File system timestamps are not especially reliable, particularly in a networked environment. Systems’ clocks drift out of sync. Sometimes clocks go backwards in time. Sometimes programs explicitly set a file’s timestamp, wiping out the real last-modified time.

When these things happen, make doesn’t rebuild things that needed to be rebuilt, resulting in an incomplete build.

Command Line Dependencies

When a program’s command line arguments change, its output might also change. (An example: changing the -D options passed to the C preprocessor.) make doesn’t rebuild in this case, resulting in incorrect incremental builds.

You can work around this by having each rule depend on Makefile. This is error-prone, because you might forget to do this on a particular rule. Also, Makefile might include other makefiles, which in turn might include other makefiles; you must list all of them and keep the list up to date. Further, many makefile changes are innocuous. You probably don’t want to rebuild every target in a makefile just because you changed a comment.

Environment Variable Inheritance and Dependencies

Not only does every environment variable turn into a make variable, but also these environment variables are passed on to the programs make runs. Since every user has different environment variables set, two users running the same build may unexpectedly get different behavior.

Changing an environment variable exported to a child process might affect its output, so this ought to trigger a rebuild if you want to be completely safe. make does not rebuild when this happens.

Multiple Concurrent Sessions

If you run two instances of make in the same directory tree at the same time, they will collide with one another when they try to build the same files. Most likely, one or both will die with an error.

Editing Files During a Build

If you edit and save a file in the middle of a make session, the results are unpredictable. It may correctly pick up the changes; it may not, and you’ll have to type make again; or, if you are unlucky, depending on timing, you may end up with a tree where some targets are stale but cannot be fixed with another make.

Cleaning Up Old Files

Suppose your project used to have a source file foo.c, but that file was deleted and removed from the makefile. The object file foo.o built from foo.c will stay around. This is usually acceptable, but these old files may accumulate over time, and sometimes this can cause problems. For example, they may be erroneously picked up as part of a vpath search.

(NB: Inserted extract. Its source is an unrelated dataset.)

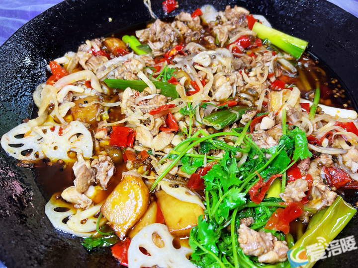 高温过油的兔肉不腥、不柴,用泡姜、泡海椒、泡萝卜炒制,配上洋芋、藕片、平菇,酸辣可口!

Another example: suppose that a file that was previously generated by the build is checked into revision control, and the rule that generated it is removed from the makefile. Revision control systems will usually not overwrite the old autogenerated file, out of fear that they might destroy something important. If you don’t notice this error message, delete the file manually, and re-update your tree, you will be using a stale version of the file.

Path Canonicalization

Files have more than one path. Even ignoring both hard and symbolic links, foo.c, ./foo.c, ../bar/foo.c, and /home/user/bar/foo.c might all be the same file. make should treat them the same for purposes of walking the dependency tree, but it doesn’t.

This problem is worse under Windows, where the file system is not case sensitive.

After a Failed or Cancelled Build

Once one build has failed, further incremental builds may be unsafe. In particular, after a command fails, make does not delete the partially built output file! If you type make again, it might conclude that the file is already up to date and try to use it. make has an option to delete these files, but it isn’t the default.

Hitting Ctrl-C during a build can also leave your tree in a suspect state.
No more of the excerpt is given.